- **EXERCISE REQUIREMENTS**
Please copy the lines below, exactly as they are, from the one with "Gru: Palfinger PK" through the one with "- Bronzer Classic", and leave out the pictures.

- **Entries taken from a collection**
╔══
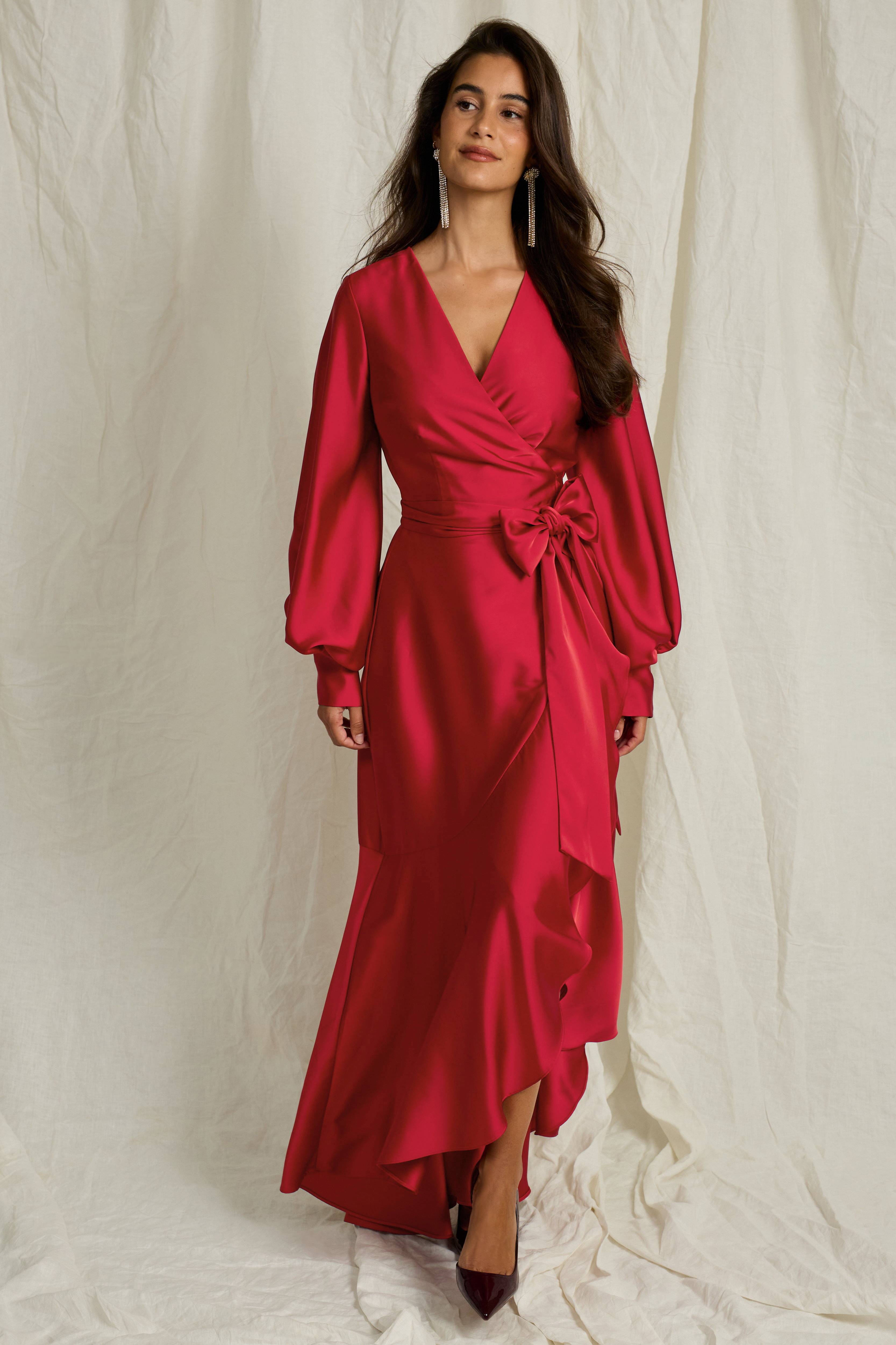 • Lang slå-om kjole i satin • Bred snøring i siden • Voluminøse ballonærmer med manchet • Asymmetrisk nedre del med svaj • Længde: 148 cm i størrelse 36
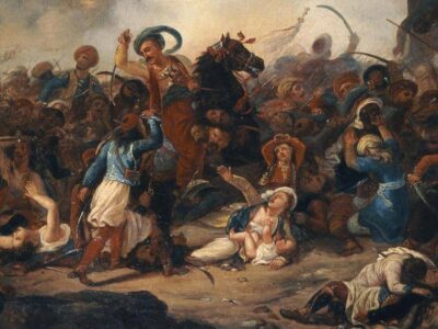 Η ιστορία της Εξόδου είναι από μόνη της δραματική σε βαθμό που δύσκολα αποτυπώνεται σε μουσείο ή κείμενο. Από το 1825, ο Κιουταχής Πασάς είχε στρατοπεδεύσει γύρω από την πόλη με στρατό 30.000 ανδρών, αποκόπτοντας κάθε ανεφοδιασμό. Μέσα στα τείχη, 9.000 ψυχές — μαχητές, γυναίκες, παιδιά — άντεξαν επί έναν χρόνο λιμό, ασθένειες και συνεχείς εφόδους. Όταν στο τέλος ήρθε η στιγμή της Εξόδου, στη νύχτα του Σαββάτου του Λαζάρου, ο σχεδιασμός προέβλεπε ταυτόχρονη αντίσπαση και διέξοδο — αλλά η προδοσία ματαίωσε το σχέδιο. Εκείνοι που δεν πρόλαβαν να φύγουν — ηλικιωμένοι, άρρωστοι, γυναίκες — επέλεξαν να ανατιναχτούν μαζί με τα πυριτιδαποθήκες παρά να αιχμαλωτιστούν. Μπροστά σ’ αυτή την πράξη, οι Φιλέλληνες όλης της Ευρώπης ταράχτηκαν — και ο Delacroix ζωγράφισε «Η Ελλάδα στα ερείπια του Μεσολογγίου», ένας πίνακας που γύρισε τον κόσμο.
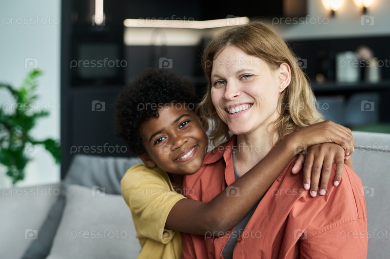 Улыбающуюся женщину обнимает ребенок с ярким выражением лица
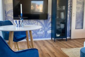 Liebevoll eingerichtet mit blauen Akzenten und Naturmaterialien. Das Wohnzimmer ist gemütlich, die Küche komplett ausgestattet – perfekt für Selbstversorger. Das Schlafzimmer mit Queensize-Bett sorgt für erholsame Nächte, das Bad für einen frischen Start in den Tag. Der kleine Balkon lädt zu entspannten Abenden ein.
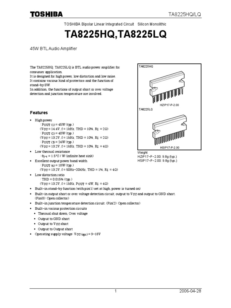 The TA8225HQ, TA8225LQ is BTL audio power amplifier for TA8225HQ
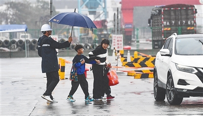 1月14日,海口市秀英港,工作人员为准备乘船的旅客打伞。新华社记者 杨冠宇 摄
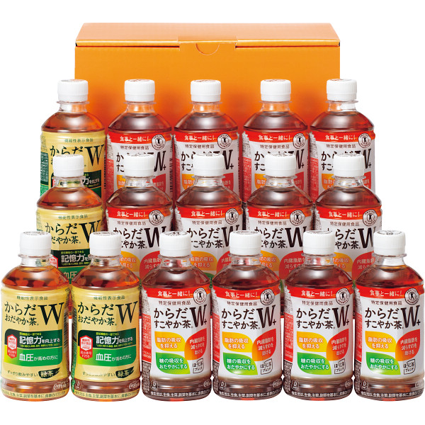 機能性表示食品の「からだおだやか茶W」と特定保健用食品の「からだすこやか茶W+」が入った毎日の健康を意識する方におすすめのギフトです。
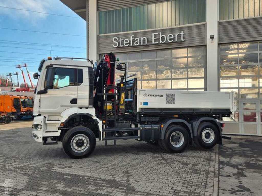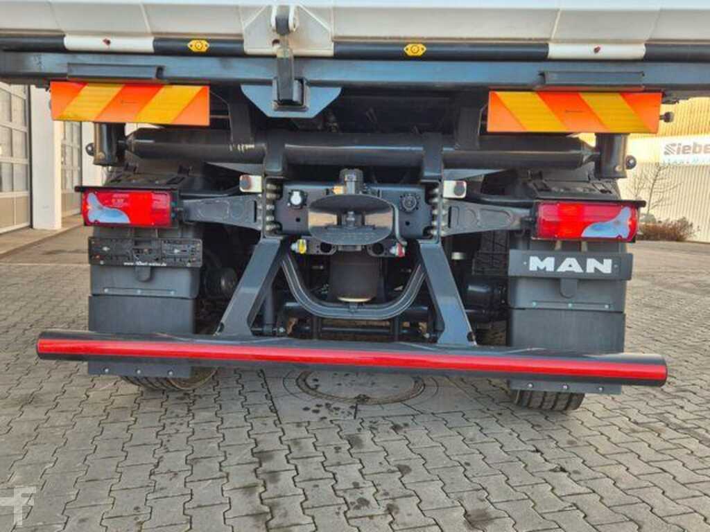 Gru: Palfinger PK 24.001 SLD D, radiocomando, supporto a 2 punti, ribaltabile trilaterale KH, gancio di traino, MAN Rio, cambio automatico, climatizzatore automatico, cruise control, bloccaggio differenziale, 3° asse sollevabile e molto altro.
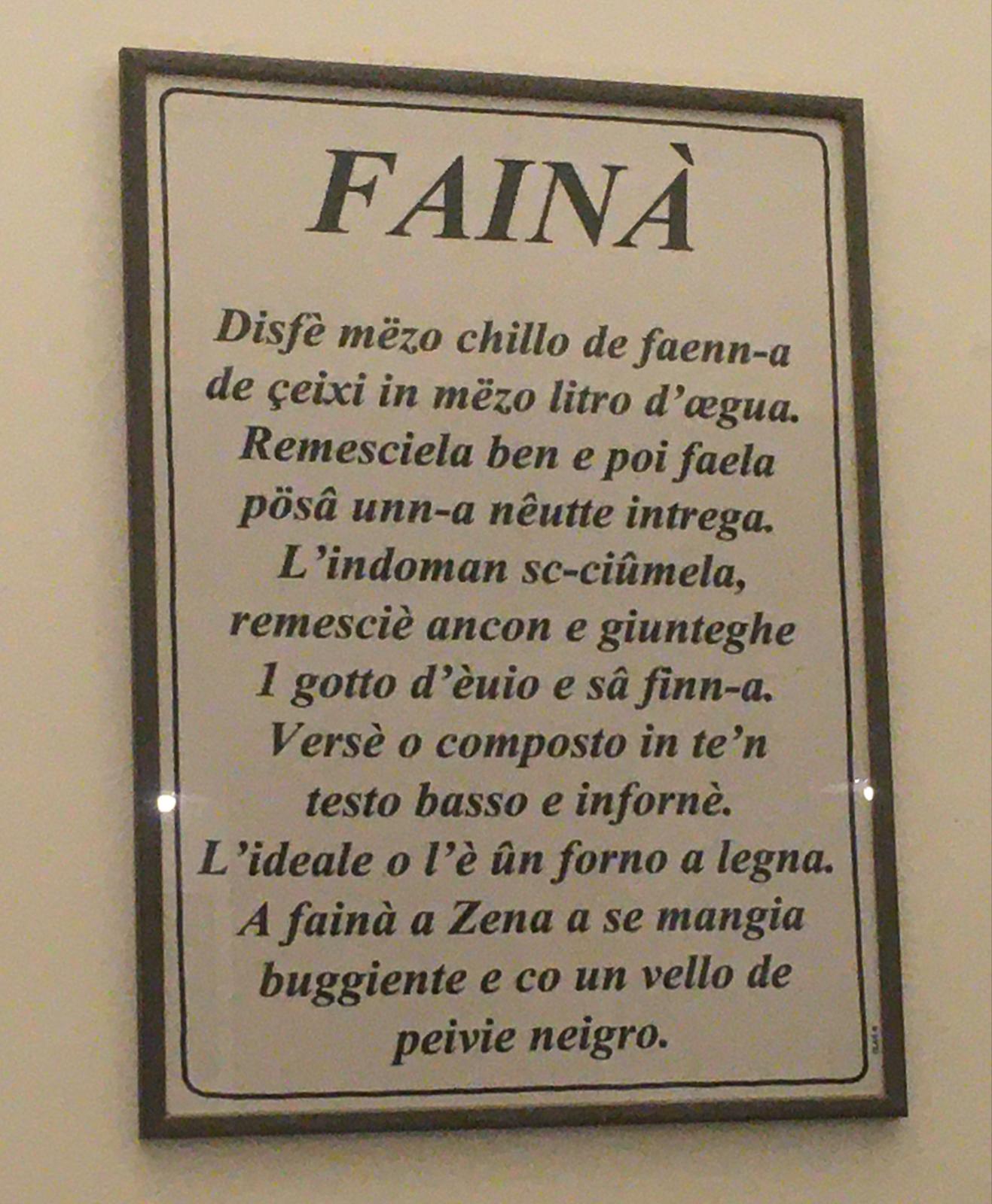 Fotografia della ricetta della farinata di ceci esposta nel locale Da Franz & Co., a Genova
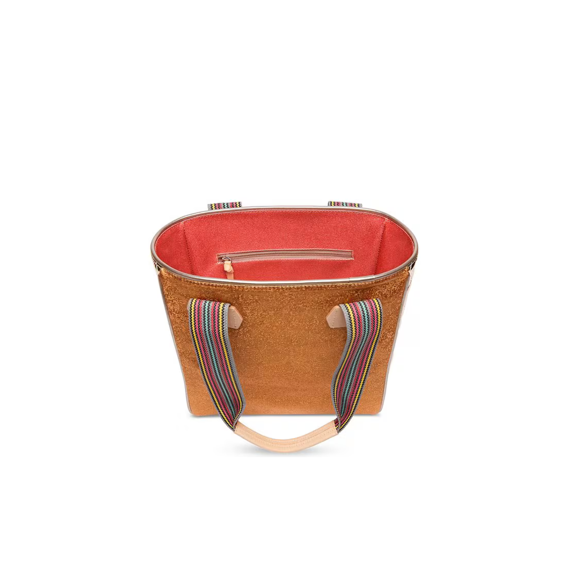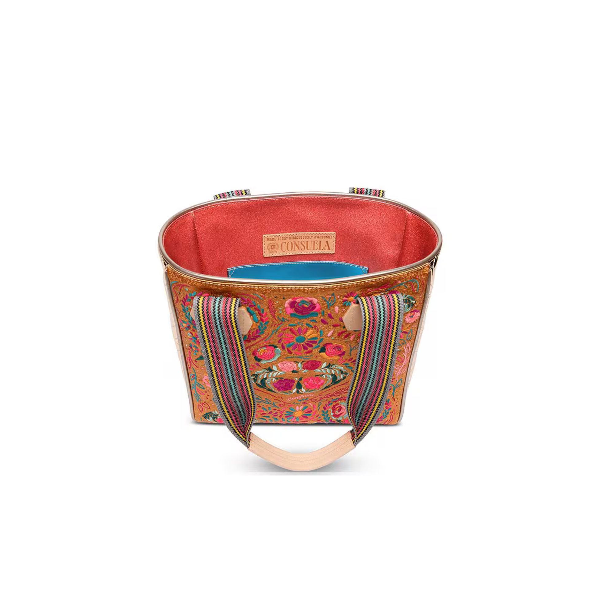 - Bronzer Classic Tote Metallic texture with floral embroidery exterior
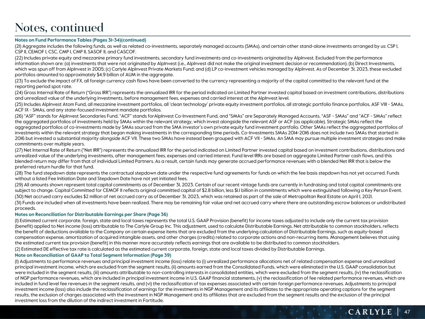 R-14 7 G-19 5 B-19 7 R-88 G-15 9 B-16 5 R-13 6 G-18 0 B-83 R-16 3 G-14 3 B-18 7 R-0 G-74 B-13 6 R-18 5 G-21 1 B-15 3 R-11 8 G-92 B-15 0 R-22 0 G-22 1 B-23 2 R-14 0 G-14 1 B-15 2R-12 0 G-16 9 B-22 2 Old Colors R-88 G-89 B-91 58595B R-23 G-234 B-234 EAEAEA R-208 G-232 B-247 D0E8F7 R-65 G-64 B-66 414042 R-8 G-51 B-94 08335E R-167 G-169 B-171 A7A9AB R-9 G-102 B-112 096670 R-220 G-221 B-222 DCDDDE R-97 G-161 B-224 61A1E0 R-237 G-217 B-157 EDD99D R-147 G-195 B-197 93C3C5 Notes, continued Notes on Fund Performance Tables (Pages 31-34)(continued) (21) Aggregate includes the following funds, as well as related co-investments, separately managed accounts (SMAs), and certain other stand-alone investments arranged by us: CSP I, CSP II, CEMOF I, CSC, CMP I, CMP II, SASOF II, and CASCOF. (22) Includes private equity and mezzanine primary fund investments, secondary fund investments and co-investments originated by AlpInvest. Excluded from the performance information shown are: (a) investments that were not originated by AlpInvest (i.e., AlpInvest did not make the original investment decision or recommendation); (b) Direct Investments, which was spun off from AlpInvest in 2005; (c) Carlyle AlpInvest Private Markets Fund; and (d) LP co-investment vehicles managed by AlpInvest. As of December 31, 2023, these excluded portfolios amounted to approximately $4.9 billion of AUM in the aggregate. (23) To exclude the impact of FX, all foreign currency cash flows have been converted to the currency representing a majority of the capital committed to the relevant fund at the reporting period spot rate. (24) Gross Internal Rate of Return (“Gross IRR”) represents the annualized IRR for the period indicated on Limited Partner invested capital based on investment contributions, distributions and unrealized value of the underlying investments, before management fees, expenses and carried interest at the AlpInvest level. (25) Includes AlpInvest Atom Fund, all mezzanine investment portfolios, all ‘clean technology’ private equity investment portfolios, all strategic portfolio finance portfolios, ASF VIII - SMAs, ACF IX - SMAs, and any state-focused investment mandate portfolios. (26) “ASF” stands for AlpInvest Secondaries Fund, “ACF” stands forAlpInvest Co-Investment Fund, and “SMAs” are Separately Managed Accounts. “ASF - SMAs” and “ACF - SMAs” reflect the aggregated portfolios of investments held by SMAs within the relevant strategy, which invest alongside the relevant ASF or ACF (as applicable). Strategic SMAs reflect the aggregated portfolios of co-investments made by SMAs sourced from the SMA investor’s own private equity fund investment portfolio. Other SMAs reflect the aggregated portfolios of investments within the relevant strategy that began making investments in the corresponding time periods. Co-Investments SMAs 2014-2016 does not include two SMAs that started in 2016 but invested a substantial majority alongside ACF VII. These two SMAs have instead been grouped with ACF VII - SMAs. An SMA may pursue multiple investment strategies and make commitments over multiple years. (27) Net Internal Rate of Return (“Net IRR”) represents the annualized IRR for the period indicated on Limited Partner invested capital based on investment contributions, distributions and unrealized value of the underlying investments, after management fees, expenses and carried interest. Fund level IRRs are based on aggregate Limited Partner cash flows, and this blended return may differ from that of individual Limited Partners. As a result, certain funds may generate accrued performance revenues with a blended Net IRR that is below the preferred return hurdle for that fund. (28) The fund stepdown date represents the contractual stepdown date under the respective fund agreements for funds on which the fee basis stepdown has not yet occurred. Funds without a listed Fee Initiation Date and Stepdown Date have not yet initiated fees. (29) All amounts shown represent total capital commitments as of December 31, 2023. Certain of our recent vintage funds are currently in fundraising and total capital commitments are subject to change. Capital Committed for CEMOF II reflects original committed capital of $2.8 billion, less $1.1 billion in commitments which were extinguished following a Key Person Event. (30) Net accrued carry excludes $2 million of net accrued carry as of December 31, 2023, which was retained as part of the sale of Metropolitan Real Estate on April 1, 2021. (31) Funds are included when all investments have been realized. There may be remaining fair value and net accrued carry where there are outstanding escrow balances or undistributed proceeds. Notes on Reconciliation for Distributable Earnings per Share (Page 36) (1) Estimated current corporate, foreign, state and local taxes represents the total U.S. GAAP Provision (benefit) for income taxes adjusted to include only the current tax provision (benefit) applied to Net income (loss) attributable to The Carlyle Group Inc. This adjustment, used to calculate Distributable Earnings, Net attributable to common stockholders, reflects the benefit of deductions available to the Company on certain expense items that are excluded from the underlying calculation of Distributable Earnings, such as equity-based compensation expense, amortization of acquired intangible assets, and other charges (credits) related to corporate actions and non-recurring items. Management believes that using the estimated current tax provision (benefit) in this manner more accurately reflects earnings that are available to be distributed to common stockholders. (2) Estimated DE effective tax rate is calculated as the estimated current corporate, foreign, state and local taxes divided by Distributable Earnings. Note on Reconciliation of GAAP to Total Segment Information (Page 39) (1) Adjustments to performance revenues and principal investment income (loss) relate to (i) unrealize
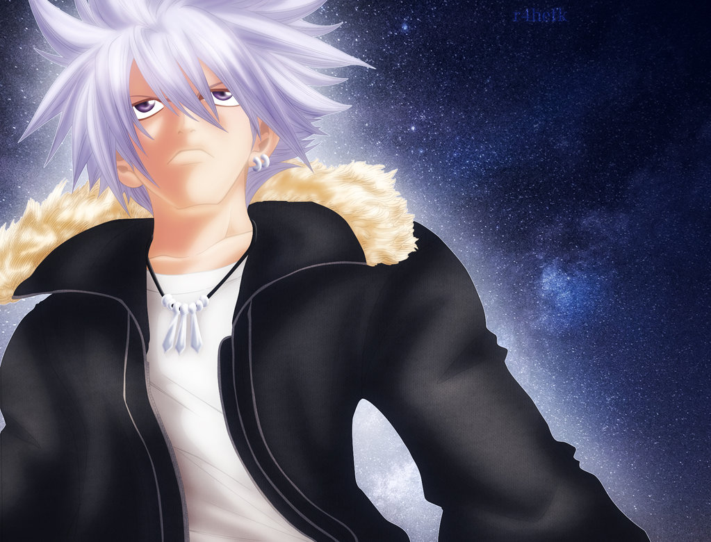 Description: A man with white hair and a black jacket with a fur collar and a white shirt and a black jacket.
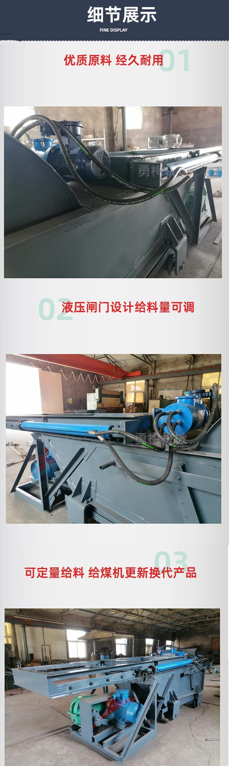 液压闸门给煤机的工作原理基于液压系统的动力驱动。其核心结构包括液压油缸、闸门机构、给料斗以及驱动装置等。当设备启动时,液压油缸在控制系统的指令下开始工作,通过活塞杆的伸缩来控制闸门的开启与关闭。物料存储在给料斗中,当闸门开启时,物料在重力作用下从给料斗中流出,通过控制闸门的开度以及开启时间,能够精准地调节物料的给料量。同时,驱动装置确保整个给料过程的稳定运行,保证物料均匀、连续地输出。
╚══
- **TASK SOLUTION**
 Gru: Palfinger PK 24.001 SLD D, radiocomando, supporto a 2 punti, ribaltabile trilaterale KH, gancio di traino, MAN Rio, cambio automatico, climatizzatore automatico, cruise control, bloccaggio differenziale, 3° asse sollevabile e molto altro.
 Fotografia della ricetta della farinata di ceci esposta nel locale Da Franz & Co., a Genova
 - Bronzer Classic Tote Metallic texture with floral embroidery exterior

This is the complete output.